Martin is a representation of all that is vile, putrid, and self-serving about those who cozied up Hitler for personal gain. Concerned only for his own-well being, lust for children, and his volcanic love and hate for his mother, Martin feels nothing for others, only his own superiority and desire to be the one Von Essenbeck to rule them all. He emerges as the victor despite molesting and causing the death of a Jewish child (hardly a crime in 1934), raping his mother, and turning over the precious Von Essenbeck steel plant to the Nazis.
There are no heroes in The Damned. Even Herbert Von Essenbeck, who seals his fate at the film’s start by cursing his family’s selfishness, bemoans that he is protesting too late, that he, by doing nothing, is as much to blame for the country’s sickened state.

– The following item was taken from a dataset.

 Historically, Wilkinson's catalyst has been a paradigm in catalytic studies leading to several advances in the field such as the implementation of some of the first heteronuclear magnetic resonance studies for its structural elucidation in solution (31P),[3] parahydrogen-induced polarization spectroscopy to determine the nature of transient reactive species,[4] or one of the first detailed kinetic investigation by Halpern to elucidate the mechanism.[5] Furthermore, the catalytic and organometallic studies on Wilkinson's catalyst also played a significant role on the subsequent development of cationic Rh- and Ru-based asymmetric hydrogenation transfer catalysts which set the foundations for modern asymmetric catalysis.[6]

The Damned is a beautiful film that is deeply hard to watch. The Von Essenbecks are possibly the worst family ever portrayed on screen (or otherwise); their depravity and hunger for power have no bounds, and yet are undermined and out-plotted by the monstrous Martin and the aforementioned Nazi cousin Von Aschenbach. Typical Visconti, there are scenes in The Damned that are staged like sumptuous theater (although at times, of the Grand Guignol style). The film rubs our faces in every kind of violence and orgiastic drunken sexual debasement (there is a literal orgy), reveling in the lack of law and order, and culling of those with a shred of conscience.

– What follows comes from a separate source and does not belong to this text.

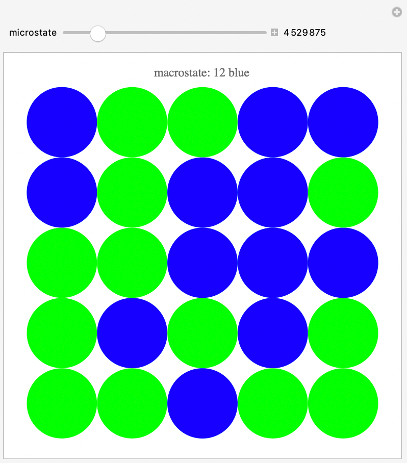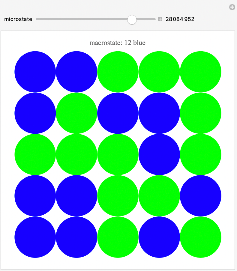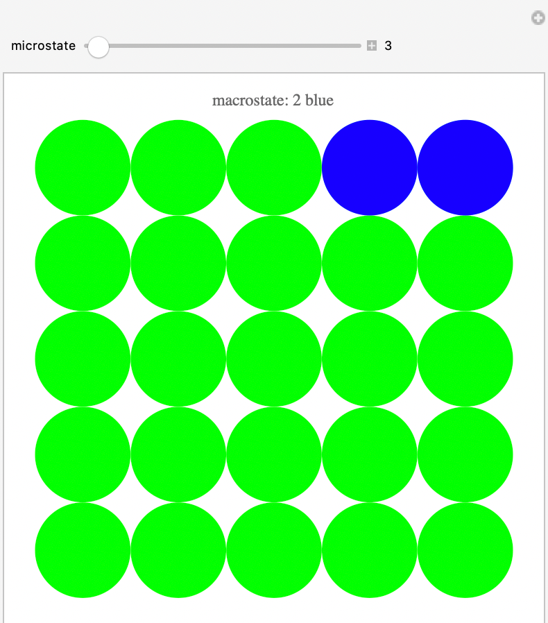 - Consider a system of 25 circles, green or blue. The macrostates of the system are the number of blue circles, from 0 to 25 (total 26). The microstates are the color combinations of the circles, from 0 to 33554431 (total 33554432).

It’s interesting to examine The Damned as a companion piece to Bob Fosse’s 1972 musical film Cabaret, which concludes in the early 1930s, just as the horror of Visconti’s historical film begins. The days of clueless avoidance and slow realization of what’s coming at the sunset of Weimar Germany are at an end. In Visconti’s Germany, there is no tragically chipper Liza Minelli as Sally Bowles or dreamy Michael York as Brian Roberts.
The Damned is a fascinating historical horror film that mixes glamour and grotesque in a way that both mesmerizes and nauseates. The villainy and characterizations are almost campy in their sweaty, full-throated embrace of all that is morally void. It’s Italian opera meets giallo. The tragedy isn’t that the characters die at each other’s hands – it’s that such execrable people lived at all.